1. Why Single-Agent Architectures Break in Real Customer Service
In e-commerce customer service, user requests are rarely simple. A typical message might look like this:
"Can you check the shipping status for order #123, tell me about the warranty policy for that product, and update my delivery address?"

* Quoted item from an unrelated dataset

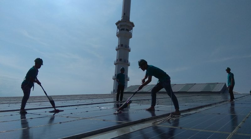 Namun pekerja terampil itu cukup cekatan membersihkan panel solarsel dari kotoran dan debu yang melekat. Sehingga luasan panel solarsel yang berukuran 41 x 40 meter pembersihan dilakukan kurang dari satu jam.

This single message contains three distinct intents, requires two different data sources, and demands coordinated execution. Single-agent architectures fail here in four predictable ways:
- No task decomposition: A single agent cannot break compound requests into executable subtasks — it either handles one intent and ignores the rest, or produces confused, incomplete answers.
- Fragile tool execution: When an external tool call fails (Neo4j timeout, GraphRAG service unavailable), a single agent enters retry loops with no circuit-breaking mechanism, eventually blocking the entire service.
- Siloed retrieval: Structured order data (Neo4j) and unstructured product documentation (GraphRAG) require fundamentally different retrieval strategies. A single agent cannot coordinate both within one coherent response.
- No governance layer: Without a dedicated safety node, there is no unified point for rate limiting, content compliance checks, or permission control — none of which are optional in enterprise deployments.
This article builds on the technical foundations from Parts 1–3 (MinerU multimodal parsing, Neo4j knowledge graph construction, GraphRAG service encapsulation) and walks through how we designed a production-grade multi-agent system using LangGraph to solve all four problems above.
2. System Architecture: Three Layers, Six Sub-Layers
The system follows an enterprise-grade layered architecture that fully decouples business logic, technical infrastructure, and platform services.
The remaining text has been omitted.